Fetches streaming responses from LLM providers and yields events.

- `request`: The URL or Request object for the LLM API endpoint
- `options`: Optional [fetch options](https://developer.mozilla.org/en-US/docs/Web/API/fetch#parameters)
- `config`: Optional configuration object for SSE handling
  - `fetch`: Custom fetch implementation (defaults to global fetch)
  - `onResponse`: Async callback function that receives the Response object before streaming begins. If the callback returns a promise, it will be awaited before continuing the stream.
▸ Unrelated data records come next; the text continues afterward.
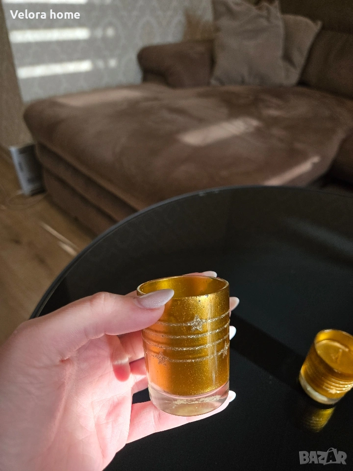 Продавам стилен стъклен свещник в златист цвят, който създава топла и уютна атмосфера. Подходящ за декорация на хол, спалня, маса за гости или специални поводи.
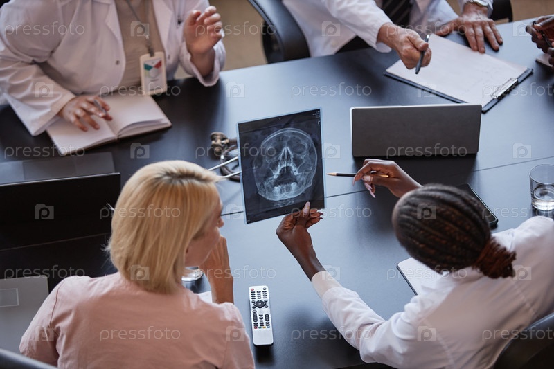 Женщина-нейрохирург держит череп, рентгеновское сканирование при анализе изображения на встрече в офисе
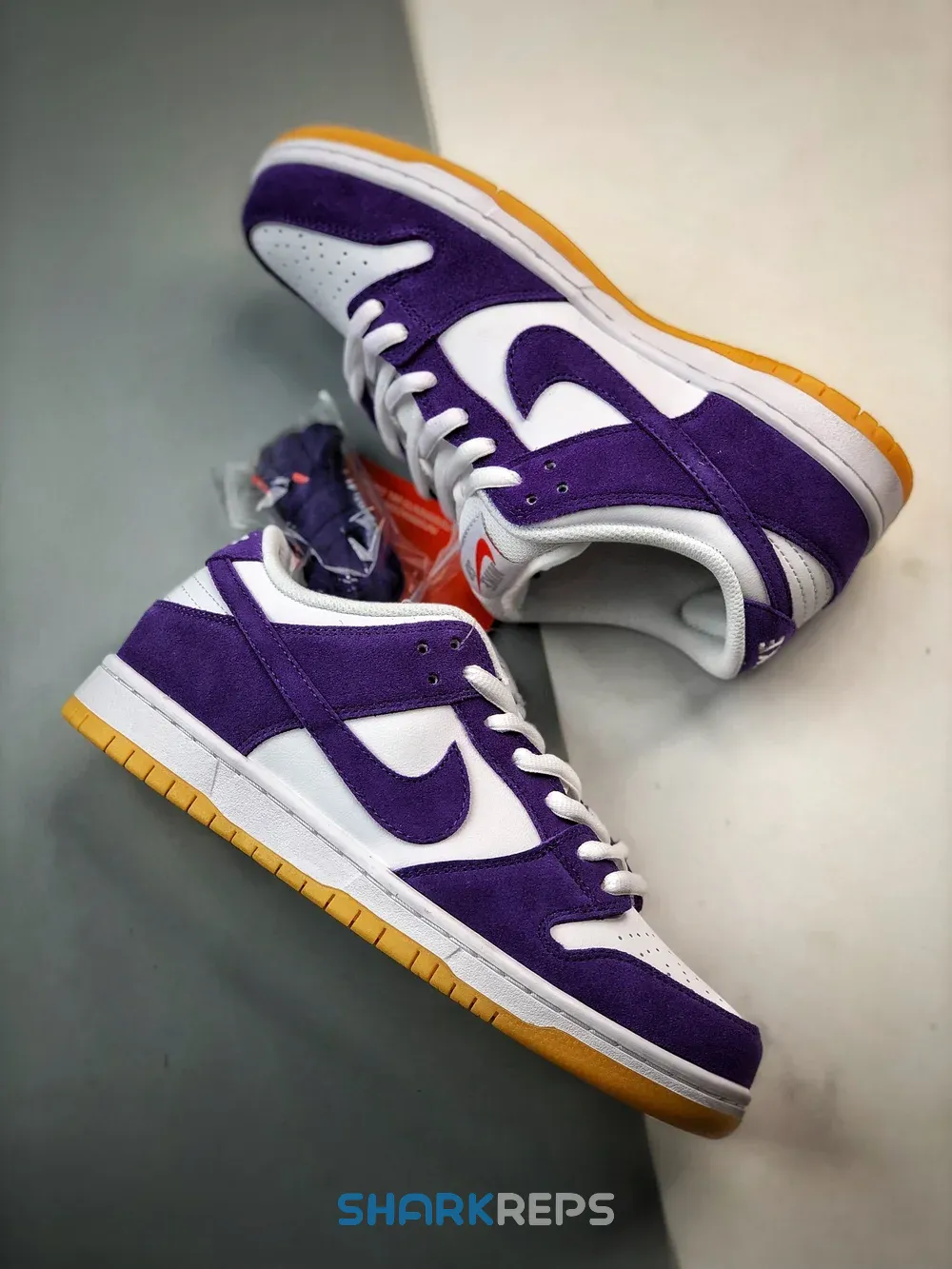 The Nike SB Dunk Low Pro ISO Orange Label Court Purple retains the iconic Dunk Low silhouette, characterized by its low-top design in a color scheme that pays homage to the Los Angeles Lakers, with the incorporation of Court Purple overlays and a subtly toned sole.

Returns an async generator that yields [`LLMEvent` objects](#llmevent).

#### LLMEvent

- `content`: The text content of the response
- `tools`: Array of tool call objects with:
  - `name`: The name of the tool being called
  - `args`: The arguments for the tool call as a JSON-encoded string, e.g. `{"order_id":"123456"}`
  - `id`: Optional unique identifier for the tool call (e.g. OpenAI's `call_F8YHCjnzrrTjfE4YSSpVW2Bc` or Anthropic's `toolu_01T1x1fJ34qAmk2tNTrN7Up6`. Gemini does not return an id.)
- `message`: The raw message object from the LLM provider (may include id, model, usage stats, etc.)
- `error`: Error message if the request fails

### Node.js usage

```javascript
import { asyncLLM } from "asyncllm";

// Rest of the usage is the same as in the browser examples
```

## Development

```bash
git clone https://github.com/sanand0/asyncllm.git
cd asyncllm

npm install
npm run lint && npm run build && npm test

npm publish
git commit . -m"$COMMIT_MSG"; git tag $VERSION; git push --follow-tags
```

## Release notes

- [2.4.0](https://npmjs.com/package/asyncllm/v/2.4.0): 18 Dec 2025: Added Gemini Interactions API streaming support (text, tools, completion metadata)
- [2.3.1](https://npmjs.com/package/asyncllm/v/2.3.1): 31 Jul 2025: Standardized package.json & README.md, renamed index.js to asyncllm.js
- [2.2.0](https://npmjs.com/package/asyncllm/v/2.2.0): 23 Apr 2025. Added [OpenAI Responses API](https://platform.openai.com/docs/api-reference/responses-streaming)
- [2.1.2](https://npmjs.com/package/asyncllm/v/2.1.2): 25 Dec 2024. Update repo links
- [2.1.1](https://npmjs.com/package/asyncllm/v/2.1.1): 9 Nov 2024. Document standalone adapter usage
- [2.1.0](https://npmjs.com/package/asyncllm/v/2.1.0): 7 Nov 2024. Added `id` to tools to support unique tool call identifiers from providers
- [2.0.1](https://npmjs.com/package/asyncllm/v/2.0.1): 5 Nov 2024. Multiple tools support. **Breaking change**: `tool` and `args` are not part of the response. Instead, it has `tools`, an array of `{ name, args }`. Gemini adapter returns `toolConfig` instead of `toolsConfig`
- [1.2.2](https://npmjs.com/package/asyncllm/v/1.2.2): 3 Nov 2024. Added streaming from text documentation via `config.fetch`. Upgrade to asyncSSE 1.3.1 (bug fix).
- [1.2.1](https://npmjs.com/package/asyncllm/v/1.2.1): 3 Nov 2024. Added `config.fetch` for custom fetch implementation
- [1.2.0](https://npmjs.com/package/asyncllm/v/1.2.0): 2 Nov 2024. Added `config.onResponse(response)` that receives the Response object before streaming begins
- [1.1.3](https://npmjs.com/package/asyncllm/v/1.1.3): 2 Nov 2024. Ensure `max_tokens` for Anthropic. Improve error handling
- [1.1.1](https://npmjs.com/package/asyncllm/v/1.1.1): 30 Oct 2024. Added [Anthropic adapter](#anthropic)
- [1.1.0](https://npmjs.com/package/asyncllm/v/1.1.0): 30 Oct 2024. Added [Gemini adapter](#gemini)
- [1.0.0](https://npmjs.com/package/asyncllm/v/1.0.0): 15 Oct 2024. Initial release with [asyncLLM](#asyncllm) and [LLMEvent](#llmevent)

## License

This project is licensed under the MIT License - see the [LICENSE](LICENSE) file for details.